# What the eyes don't see, the heart doesn't feel



## jana.bo99

It is something like: what I don't see, I don't believe and also my heart doesn't feel.

Slovenian:
Kar oči ne vidijo, srce ne čuti

Croatian: 
Ono što oči ne vide, srce ne osjeća (there is other way, where heart feels - srce osjeća)

German:
Was die Augen nicht sehen, kann das Herz nicht fühlen

Do you have something like this proverb and how do you say in your language?

Thank you,
B.


----------



## arielipi

Hebrew:
רחוק מן העין רחוק מן הלב rakhok min ha'ayin rakhok min halev - far from the eye far from the heart.


----------



## Lurrezko

In Spanish it's a well-known saying: _Ojos que no ven, corazón que no siente._

Un saludo


----------



## ilocas2

Czech:

Co oči nevidí, srdce nebolí. - What eyes don't see, doesn't ache heart.

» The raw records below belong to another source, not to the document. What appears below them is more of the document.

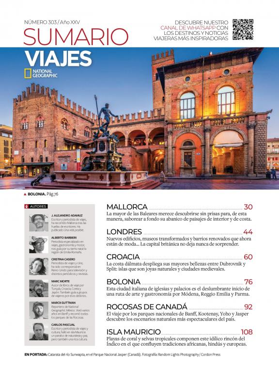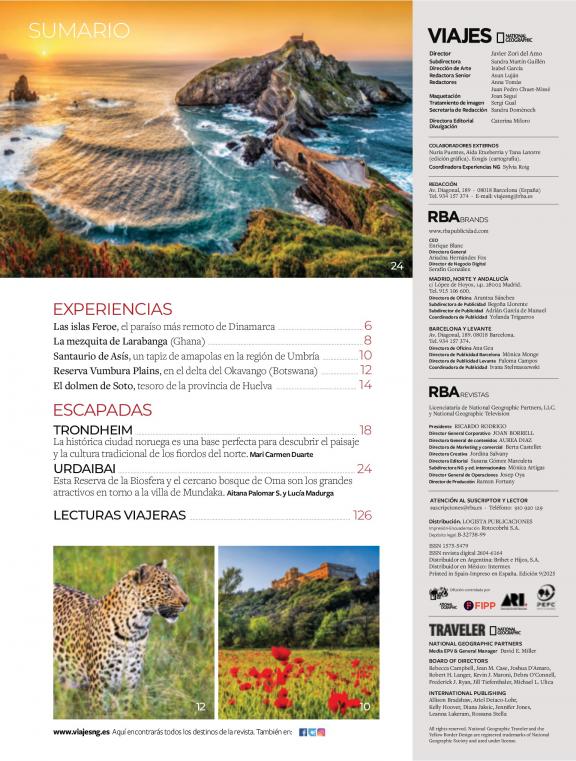 Los reportajes de la revista Viajes National Geographic España es el medio idóneo para admirar la belleza del mundo, inspirarse o relajarse con ella, evocar antiguos viajes o plantearse otros nuevos. Con fotografías y textos de calidad excepcional, Viajes National Geographic presenta cada mes rutas por España, Europa y el resto del mundo, escapadas de fin de semana y paseos para conocer lo más atractivo de una ciudad, junto a experiencias en plena naturaleza o para disfrutar del patrimonio cultural.
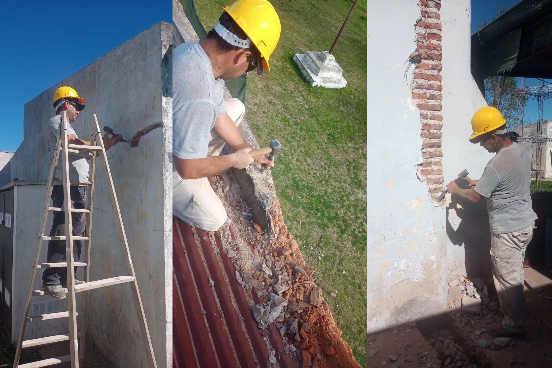 Las tareas se concentran principalmente en el sector de cocina-comedor, donde se reemplazarán las chapas del techo afectadas por filtraciones y se ejecutarán reparaciones en cielorrasos, revoques, pisos y mampostería fisurada. También se reconstruirá la pared frontal del edificio, dañada por un hundimiento en los cimientos.
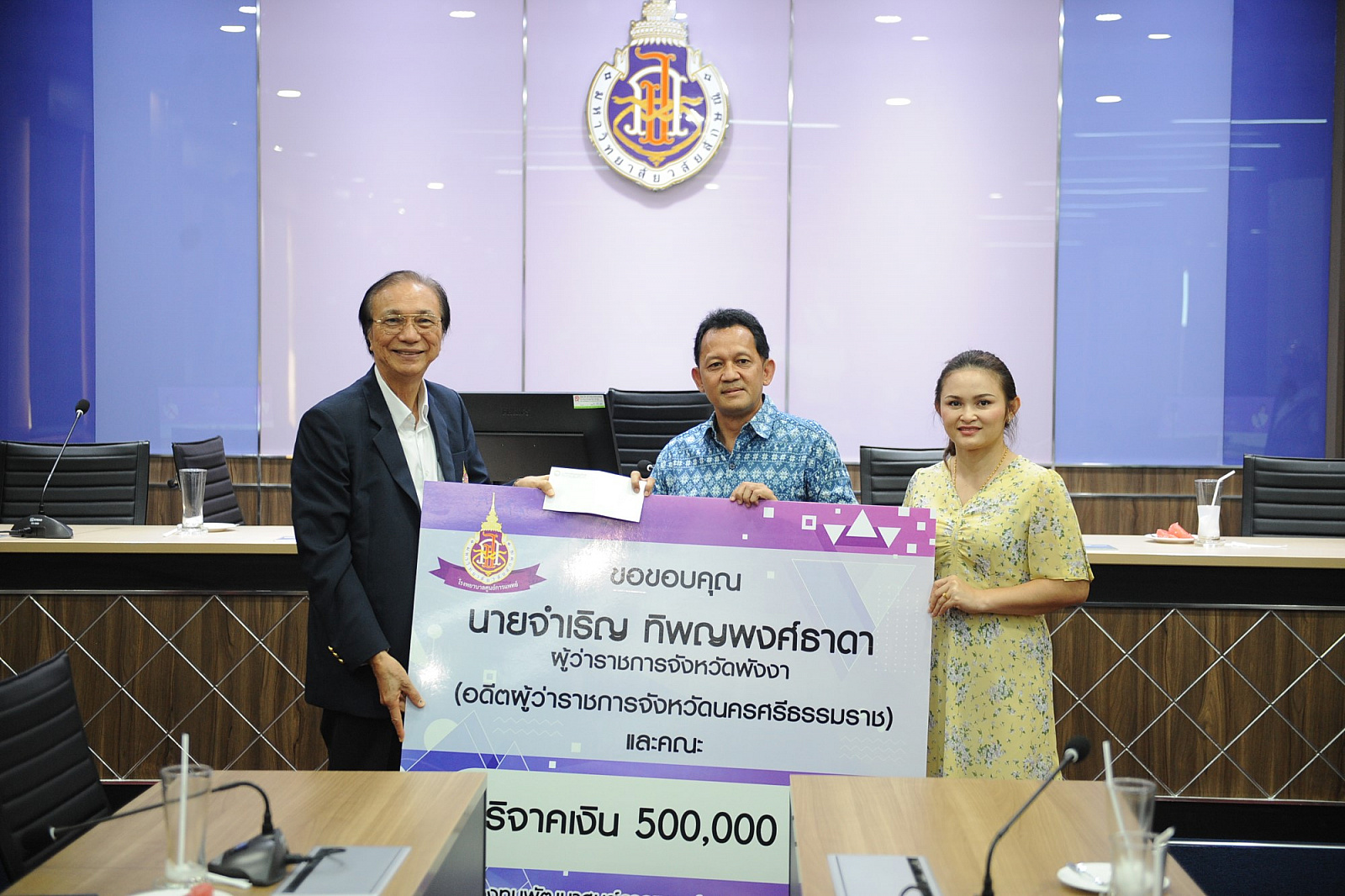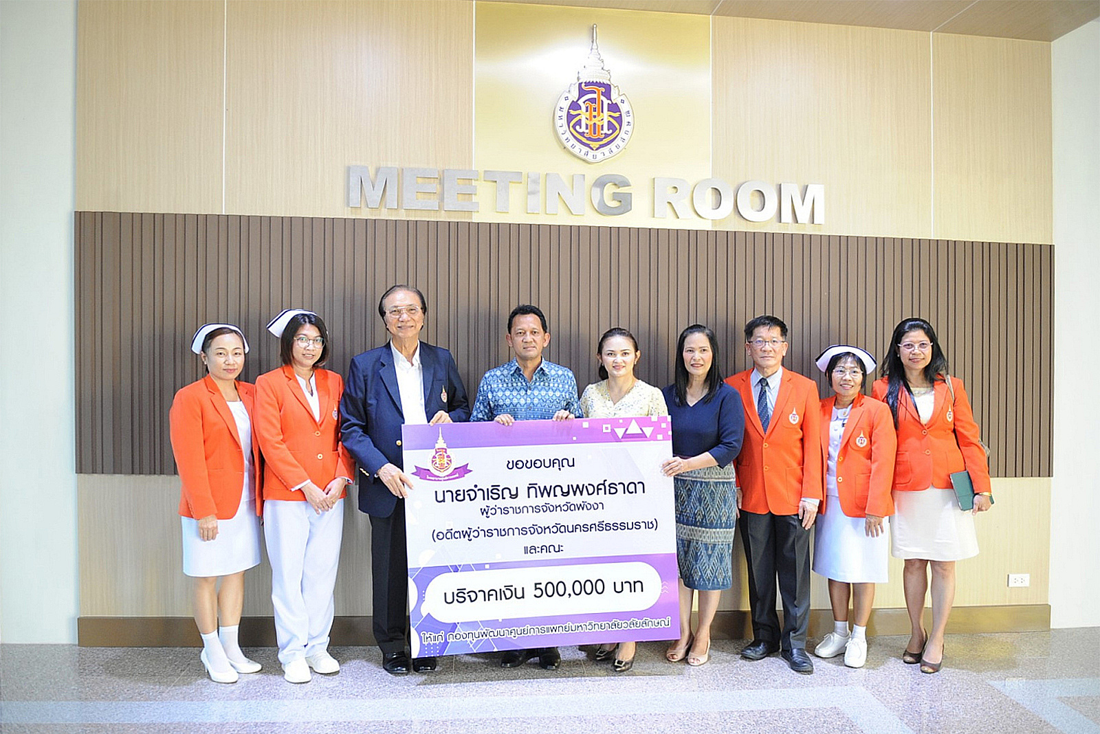 นายจำเริญ ทิพญพงศ์ธาดา ผู้ว่าราชการจังหวัดพังงา(อดีตผู้ว่าราชการจังหวัดนครศรีธรรมราช)และคณะ มอบเงินบริจาคสมทบกองทุนพัฒนาโรงพยาบาลศูนย์การแพทย์ม.วลัยลักษณ์ จำนวน 5 แสนบาท

(I don't know if it's correct in English)


----------



## ancalimon

Two different ones for two different situations in Turkish.

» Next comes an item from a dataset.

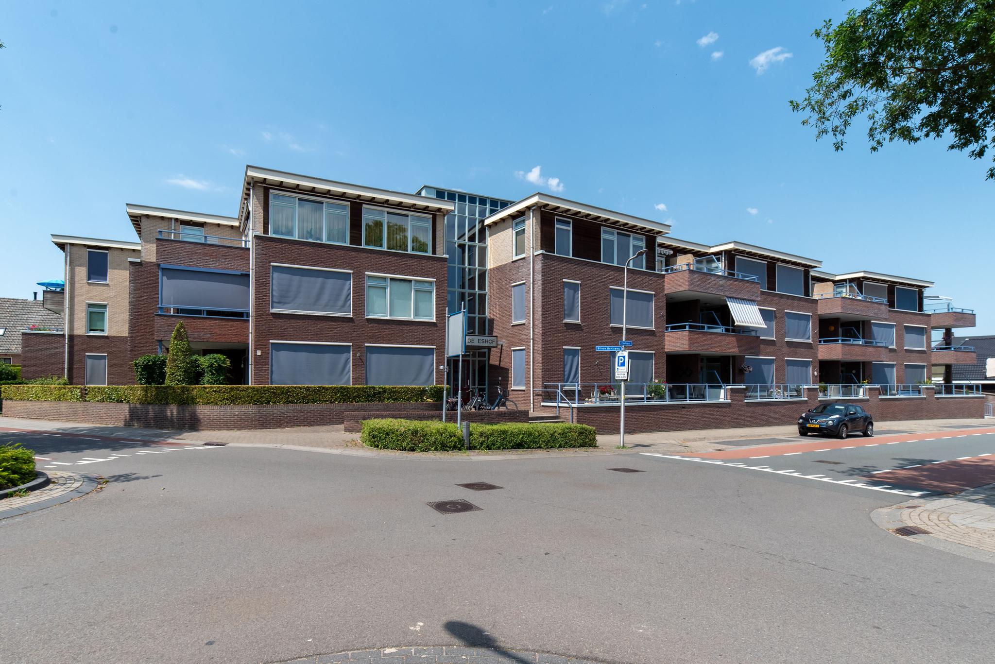 Middels de trap of lift bereik je de eerste verdieping van het appartementencomplex “de Eshof”. Via de galerij, met uitzicht op de prachtige groene binnentuin, kom je bij de voordeur van het appartement en stap je de hal binnen. Via deze hal zijn beide slaapkamers met vaste kasten, het aparte toilet, de wasruimte/berging, badkamer en de woonkamer te bereiken. De woonkamer geeft ruimte voor een aparte eetruimte en zithoek. Via de deur in de woonkamer kom je op het balkon terecht, dit royale balkon heeft ruimte voor een zithoek en je kijkt hier vrij uit over de Blinde Banisweg. Via de woonkamer kom je in de keuken terecht, deze keuken is voorzien van inbouwapparatuur zoals een koelkast, gaskookplaat en oven. De badkamer van het appartement is voorzien van een badmeubel met spiegel en wastafel, toilet en twee douches.

Gözüyle görmeden inanmamak :  To not believe unless seen with the eyes.

Gözden ırak olan gönülden de ırak olur : The one that's secluded from the eye is also secluded from the heart.


----------



## Ёж!

Russian: с глаз долой — из сердца вон (out of sight, out of heart). This is about how people forgive things, people, and experiences related to the things and people, either positive or negative. Its meaning is like the Cretan proverb's below, its general use is about forgetful lovers.


----------



## apmoy70

We have something similar in Greek but with different meaning; it's a verse from a traditional Cretan folk song, so I'll give it in the Cretan regiolect:
*«Μάθια απού δε βλέπονται, γλήγορα λησμονιούνται»* ['maθʝa a'pu ðe 'vleponde 'ɣliɣora lismo'ɲunde] --> _eyes that are not seen, are quickly forgotten_ (which implies that you will forget about people who have moved away, usually said for lovers who live apart and haven't seen each other for a period of time).

Now, if one doesn't believe the thing/situation under discussion, unless s/he sees it, we use the biblical: 
*«Αν δεν βάλω τον δάκτυλον εις των τύπων των ήλων, δεν πιστεύω»* [an ðen 'valo ton 'ðaktilon is ton 'tipon ton 'ilon ðen pi'stevo] --> _Unless I put my finger into the print of the nails, I don'τ believe_, a phrase taken from the Christian gospel according to John (20:25): «ὁ δὲ εἶπεν αὐτοῖς· ἐὰν μὴ ἴδω ἐν ταῖς χερσὶν αὐτοῦ τὸν τύπον τῶν ἥλων, καὶ _βάλω τὸν δάκτυλόν μου εἰς τὸν τύπον τῶν ἥλων_, καὶ βάλω τὴν χεῖρά μου εἰς τὴν πλευρὰν αὐτοῦ, οὐ μὴ πιστεύσω» - "So he (=the doubting Thomas) said to them, “Unless I see in His hands the print of the nails, and _put my finger into the print of the nails_, and put my hand into His side, I will not believe.” (NKJV)


----------



## bibax

Ёж! said:


> Russian: *с глаз долой — из сердца вон* (out of sight, out of heart). This is about how people forgive things, people, and experiences related to the things and people, either positive or negative. Its meaning is like the Cretan proverb's below, its general use is about forgetful lovers.


In Czech it is:

*Sejde z očí, sejde z mysli.* = Departed from the eyes, departed from mind.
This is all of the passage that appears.